[Start of section]

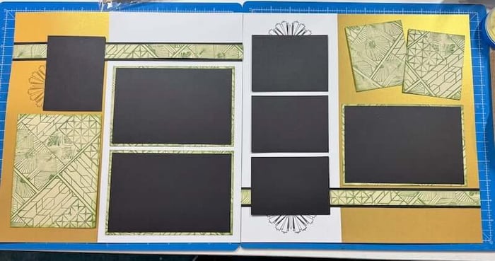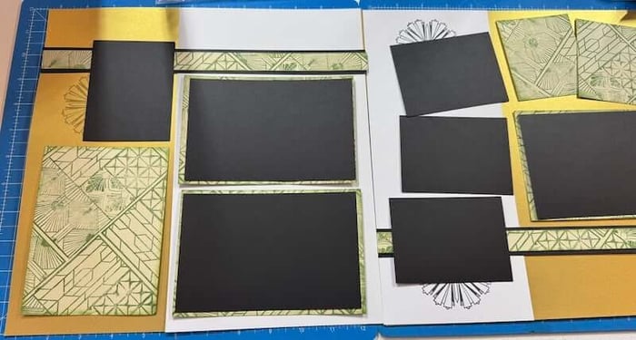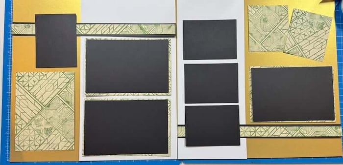 Return the Gold base paper back to it's position on the left side of layout. The fan images should be peeking out from behind each small Black panel on both sides of the layout.
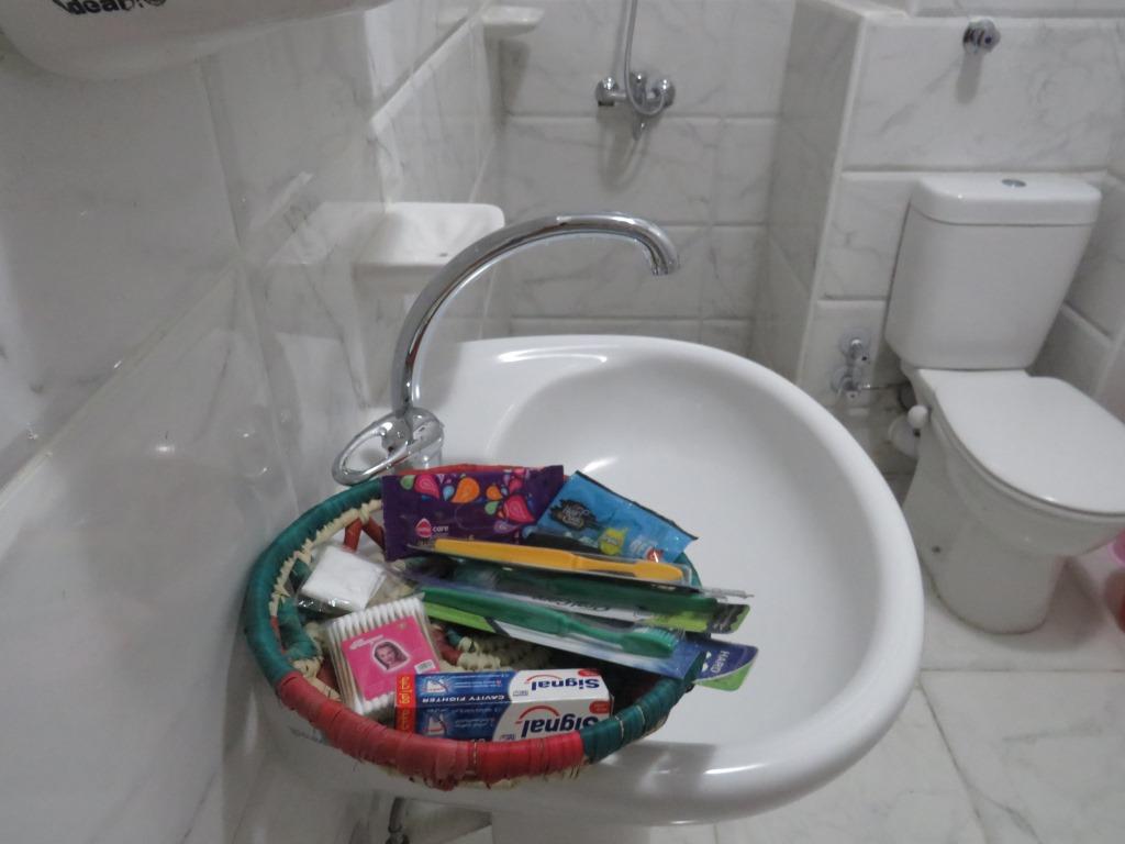 لاجل راحة السادة الضيوف يوجد بالحمام كل ما قد يحتاجه النزيل سواء من فرشاة اسنان و معجون اسنان و غطاء رأس و عيدان تنظيف الاذن و مناديل مبللة و شامبو و جيل للشعر و بلسم للشعر و صابون و باشكير و خلافه .
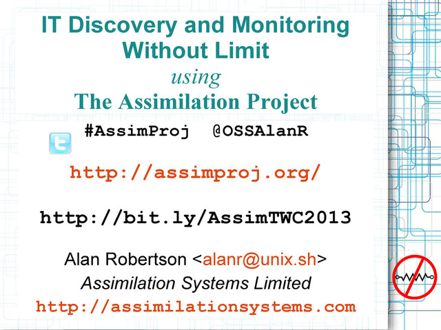 Is Futile! #AssimProj @OSSAlanR #AssimMon Project Web Site http://assimproj.org Blog techthoughts.typepad.com lists.community.tummy.com/cgi-bin/mailman/admin/assimilation
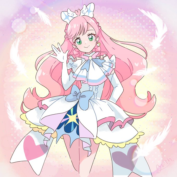 キュアプリズムちゃん可愛すぎる💗 頭のハート、髪飾りの一部かと思ったけどアホ毛なの? #イラスト #プリキュア #ひろがるスカイプリキュア
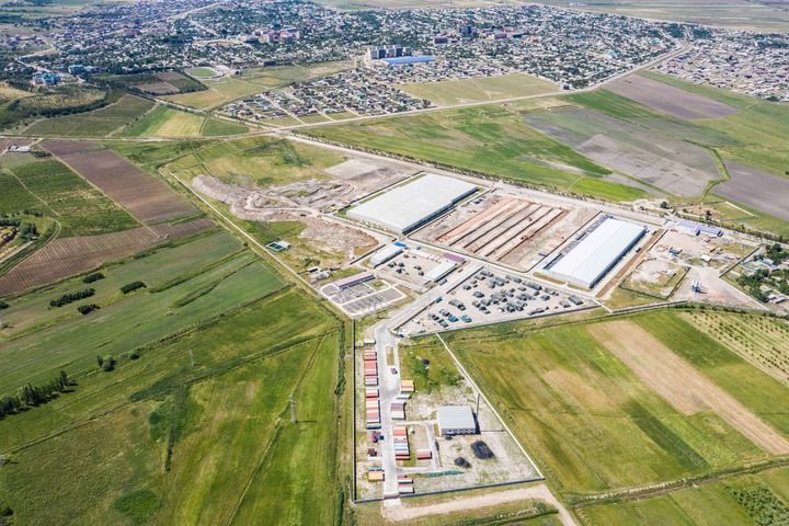 這是2019年5月21日在塔吉克斯坦丹加拉拍攝的中泰紡織廠(無人機(jī)照片)。新華社記者 張若玄 攝
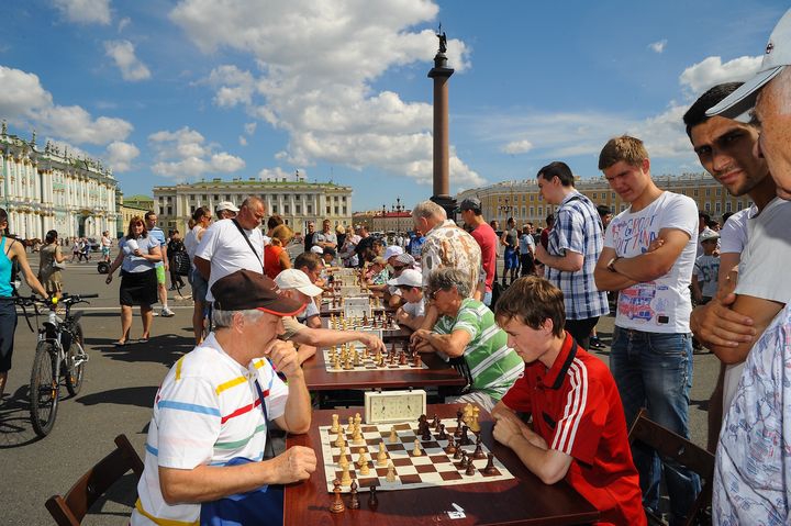 20 июля, в Международный день шахмат на Дворцовой площади в Санкт-Петербурге состоялось представление «Живые шахматы». К расчерчиванию площади мелками приглашались все петербуржцы. Партию разыгрывали Никита Витюгов и Валерий Попов. Костюмы для исполнителей изготовила по собственным эскизам молодой дизайнер Ксения ZENKA Зенская. Неподалеку от большого поля была обустроена территория, на которой любой желающий мог поиграть в шахматы (20 столов) и другие настольные игры (5 столов).
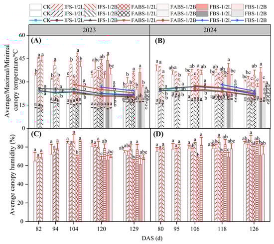 Effects of the source–sink treatments on the cotton canopy temperature (A,B) and humidity (C,D) in the 2023 and 2024 growing seasons. The black column diagram, red column diagram, and line diagram represent the minimum temperature, maximum temperature, and average temperature of the canopy, respectively. The IFS, FABS, and FBS are represented initial flowering stage, flowering and boll stage and full boll stage, respectively. Different lowercase letters indicate significant difference for a parameter between treatments at p < 0.05.
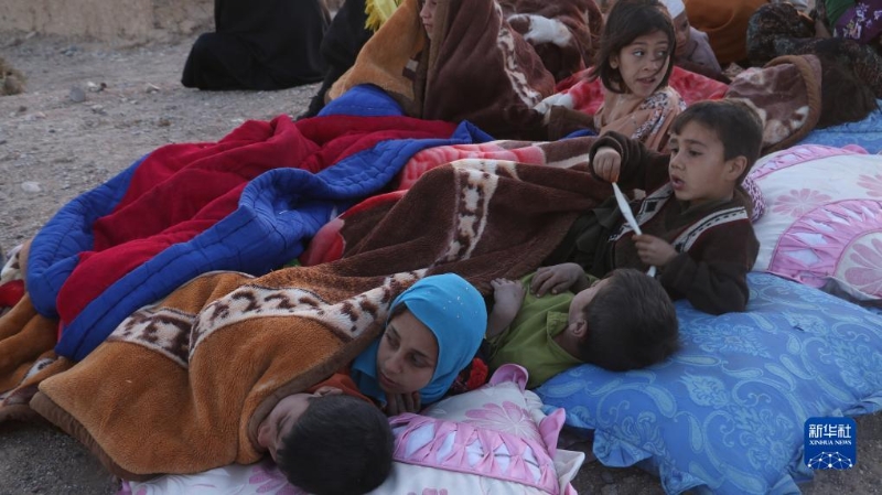 10月7日,在阿富汗赫拉特省,受災(zāi)民眾躺在地上休息。新華社發(fā)(馬沙勒攝)
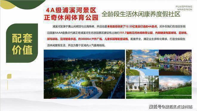 浦溪河,发源于黄山光明顶与北海珠峰,并且也是本地政府投资了12.53亿重金打造的4A景点。另外在我们在项目东侧沿国家AAAA级景点代建正奇浦溪河生态游园景区建设有占地约151.7亩的沿河休闲体育公园,内部建设有篮球场、足球场、羽毛球场、沿河健身步道、约30000㎡户外广场、儿童乐园等配套设施,配套齐全,满足业主多样化需求,打造全龄段生活休闲度假生活,并且为整个区域内人气最高地段。
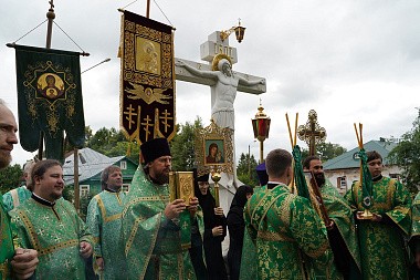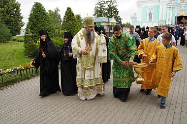 Затем митрополит Георгий с игуменией Сергией, насельницами обители и многочисленными богомольцами прошли крестным ходом по Святой Канавке Божией Матери.
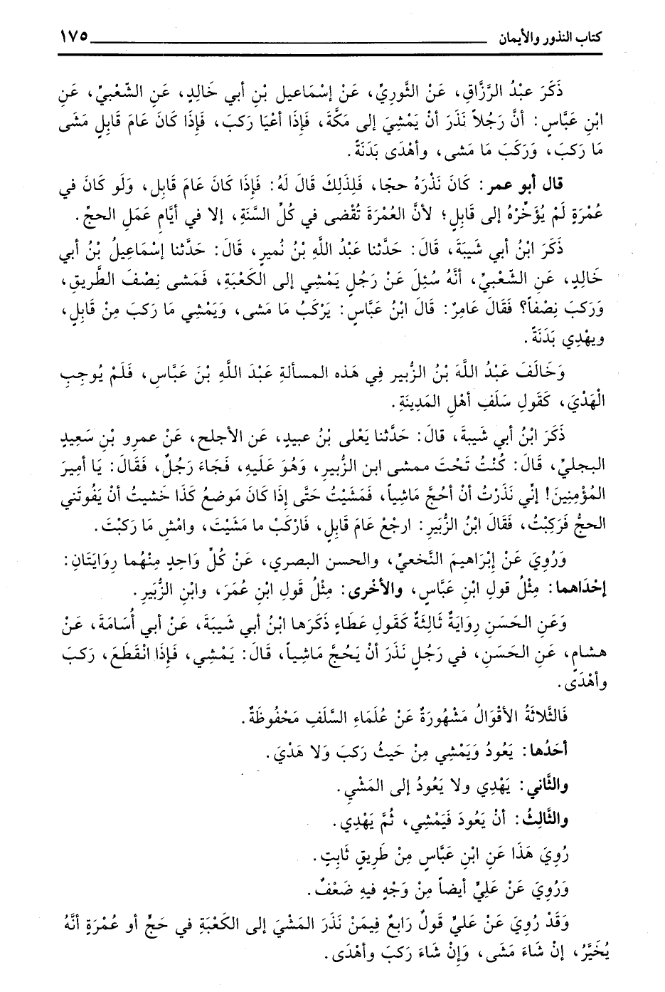 ذَكَرَ عَبْدُ الرَّزَّاقِ عَنِ الثَّوْرِيِّ عَنْ إِسْمَاعِيلَ بْنِ أَبِي خَالِدٍ عَنِ الشعبي عن بن عَبَّاسٍ أَنَّ رَجُلًا نَذَرَ أَنْ يَمْشِيَ إِلَى مكة فإذا أَعْيَا رَكِبَ فَإِذَا كَانَ عَامَ قَابِلٍ مَشَى مَا رَكِبَ وَرَكِبَ مَا مَشَى وَأَهْدَى بَدَنَةً
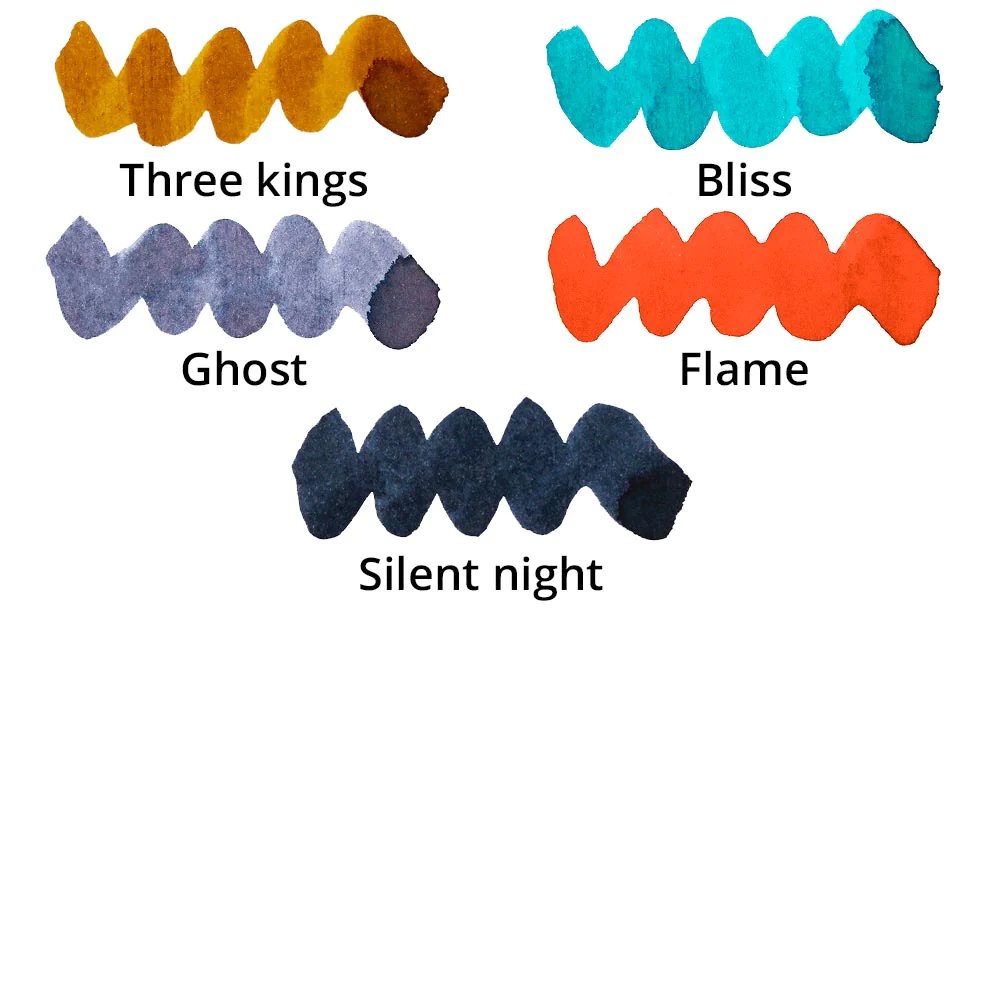 • Diamine Green Edition Mürekkep Standard Serisi:içerisinde herhangi bir gölgeleme veya gümüş/altın partikül eklenmemiş mürekkep serisidir.  Diamine Ink markasının önce Inkvent calender olarak çıkarttığı serinin 2022'de 50 ml olarak çıkarttığı yeni seri. Özel şişe tasarımı ve içeriği ile ilgi çekmektedir.

[End of section]

Your instructions: Where a record above contains a picture, leave the picture out and transcribe everything else exactly.

Response area:
 Return the Gold base paper back to it's position on the left side of layout. The fan images should be peeking out from behind each small Black panel on both sides of the layout.
 لاجل راحة السادة الضيوف يوجد بالحمام كل ما قد يحتاجه النزيل سواء من فرشاة اسنان و معجون اسنان و غطاء رأس و عيدان تنظيف الاذن و مناديل مبللة و شامبو و جيل للشعر و بلسم للشعر و صابون و باشكير و خلافه .
 Is Futile! #AssimProj @OSSAlanR #AssimMon Project Web Site http://assimproj.org Blog techthoughts.typepad.com lists.community.tummy.com/cgi-bin/mailman/admin/assimilation
 キュアプリズムちゃん可愛すぎる💗 頭のハート、髪飾りの一部かと思ったけどアホ毛なの? #イラスト #プリキュア #ひろがるスカイプリキュア
 這是2019年5月21日在塔吉克斯坦丹加拉拍攝的中泰紡織廠(無人機(jī)照片)。新華社記者 張若玄 攝
 20 июля, в Международный день шахмат на Дворцовой площади в Санкт-Петербурге состоялось представление «Живые шахматы». К расчерчиванию площади мелками приглашались все петербуржцы. Партию разыгрывали Никита Витюгов и Валерий Попов. Костюмы для исполнителей изготовила по собственным эскизам молодой дизайнер Ксения ZENKA Зенская. Неподалеку от большого поля была обустроена территория, на которой любой желающий мог поиграть в шахматы (20 столов) и другие настольные игры (5 столов).
 Effects of the source–sink treatments on the cotton canopy temperature (A,B) and humidity (C,D) in the 2023 and 2024 growing seasons. The black column diagram, red column diagram, and line diagram represent the minimum temperature, maximum temperature, and average temperature of the canopy, respectively. The IFS, FABS, and FBS are represented initial flowering stage, flowering and boll stage and full boll stage, respectively. Different lowercase letters indicate significant difference for a parameter between treatments at p < 0.05.
 10月7日,在阿富汗赫拉特省,受災(zāi)民眾躺在地上休息。新華社發(fā)(馬沙勒攝)
 浦溪河,发源于黄山光明顶与北海珠峰,并且也是本地政府投资了12.53亿重金打造的4A景点。另外在我们在项目东侧沿国家AAAA级景点代建正奇浦溪河生态游园景区建设有占地约151.7亩的沿河休闲体育公园,内部建设有篮球场、足球场、羽毛球场、沿河健身步道、约30000㎡户外广场、儿童乐园等配套设施,配套齐全,满足业主多样化需求,打造全龄段生活休闲度假生活,并且为整个区域内人气最高地段。
 Затем митрополит Георгий с игуменией Сергией, насельницами обители и многочисленными богомольцами прошли крестным ходом по Святой Канавке Божией Матери.
 ذَكَرَ عَبْدُ الرَّزَّاقِ عَنِ الثَّوْرِيِّ عَنْ إِسْمَاعِيلَ بْنِ أَبِي خَالِدٍ عَنِ الشعبي عن بن عَبَّاسٍ أَنَّ رَجُلًا نَذَرَ أَنْ يَمْشِيَ إِلَى مكة فإذا أَعْيَا رَكِبَ فَإِذَا كَانَ عَامَ قَابِلٍ مَشَى مَا رَكِبَ وَرَكِبَ مَا مَشَى وَأَهْدَى بَدَنَةً
 • Diamine Green Edition Mürekkep Standard Serisi:içerisinde herhangi bir gölgeleme veya gümüş/altın partikül eklenmemiş mürekkep serisidir.  Diamine Ink markasının önce Inkvent calender olarak çıkarttığı serinin 2022'de 50 ml olarak çıkarttığı yeni seri. Özel şişe tasarımı ve içeriği ile ilgi çekmektedir.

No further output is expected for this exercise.